General characteristics
- Class & type: KR (NV)
- Tonnage: 94,511 gt; 99,000 DWT;
- Length: 339 m (1,112 ft)
- Beam: 46 m (151 ft)
- Draught: 15 m (49 ft)
- Depth: 25 m (82 ft)
- Decks: 1
- Installed power: 80,111kW (108,919hp)
- Propulsion: 1 oil engine
- Speed: 27.5kn
- Capacity: 8,600 TEU

= Hyundai Brave =

Container ship built in 2008

The Hyundai Brave is a container ship built by Hyundai Heavy Industries Co Ltd, owned by KSF 10 International SA and operated by Hyundai Merchant Marine Co Ltd (HMM). This ship is registered in Panama.

==Hull and engine==
The Hyundai Brave was built by Hyundai Heavy Industries Co Ltd in yard 1810 and was completed in January 2008. This ship is a fully cellular container ship with a total of 8,566 TEU carrying capacity. The ship is 334m in total length, 46m across the beam, 15m in draught, and 25m in depth. This container ship has only one deck.

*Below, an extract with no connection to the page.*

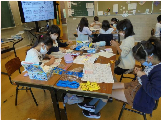
小学部4年生 理科 「電気で走る車」製作

今日もカラッと晴れたいいお天気になりました。明日の本番に向けて、準備が着々と進んでいます。今日は、小学部4年生と5年生の理科の学習の様子をご紹介します。4年生は「電気で走る車」をこれまでの学習を生かして製作していました。5年生は「植物に発芽」についてまとめ、その後教室を移動して顕微鏡の使い方を学習していました。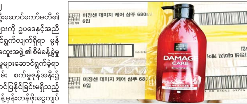
မန္တလေးတိုင်းဒေသကြီး၌ ဖမ်းဆီးရမိမှု။

နေပြည်တော် မတ် ၁၂ တရားမဝင်ကုန်သွယ်မှုတိုက်ဖျက်ရေး ဦးဆောင်ကော်မတီ၏ ကြီးကြပ်ကွပ်ကဲမှုဖြင့် တရားမဝင်ကုန်သွယ်မှုများကို ဥပဒေနှင့်အညီ ထိရောက်စွာတားဆီးအရေးယူနိုင်ရေး ဆောင်ရွက်လျက်ရှိရာ မွန် ပြည်နယ် တရားမဝင်ကုန်သွယ်မှုတိုက်ဖျက်ရေးအထူးအဖွဲ့၏ စီမံခန့်ခွဲမှု ဖြင့် တာဝန်ကျပူးပေါင်းအဖွဲ့များက စစ်ဆေးမှုများဆောင်ရွက်ခဲ့ရာ မတ် ၇ ရက်တွင် မော်လမြိုင်-ဘားအံကားလမ်း စက်မှုဇုန်အနီး၌ တရားဝင်စာရွက်စာတမ်း အထောက်အထားတင်ပြနိုင်ခြင်းမရှိသည့် ရော်ဘာနေလုပ်ပေးပြား ကီလိုဂရမ် ၈၀၀၀ (ခန့်မှန်းတန်ဖိုးငွေကျပ် ၂၉၉၀၀၀၀)ကို ပို့ကုန်သွင်းကုန်ဥပဒေအရလည်းကောင်း၊ မတ် ၁၁ ရက်တွင် သထုံမြို့နယ် လေးတိုင်ကျေးရွာအနီး၌ တရားမဝင်အခြားသစ် ၁ ဒသမ ၂၀၆ တန် (ခန့်မှန်းတန်ဖိုးငွေကျပ် ၈၄၄၂၀)ကို သစ်တောဥပဒေ အရလည်းကောင်း စုစုပေါင်းခန့်မှန်းတန်ဖိုးငွေကျပ် ၂၉၉၈၄၄၂၀ ကို သိမ်းဆည်းအရေးယူဆောင်ရွက်လျက်ရှိသည်။

The Hyundai Brave is powered by a Wärtsilä engine, producing a total power of 80,111 kW (108,919 hp) driving one propeller, and is capable is traveling at 27.5 kn. The engine is a 2 stroke, 14 cylinder engine and utilizes four 3,300 kW auxiliary generators. This powerful engine was built by Hyundai Heavy Industries Co Ltd in South Korea. The largest diesel engine in the world, a MAN B&W
K98MCC 14-cylinder, rated at 80.1 MW, powers the ship at speeds of up to 27 kn.

==News==
In 2008 the Hyundai Brave was the first new ship added to the Hyundai Merchant Marine to serve in the French Asia Line. It was estimated to transfer 155 containers per hour from dock to ship. Just in 2011 alone the Hyundai Brave was in over 100 different ports.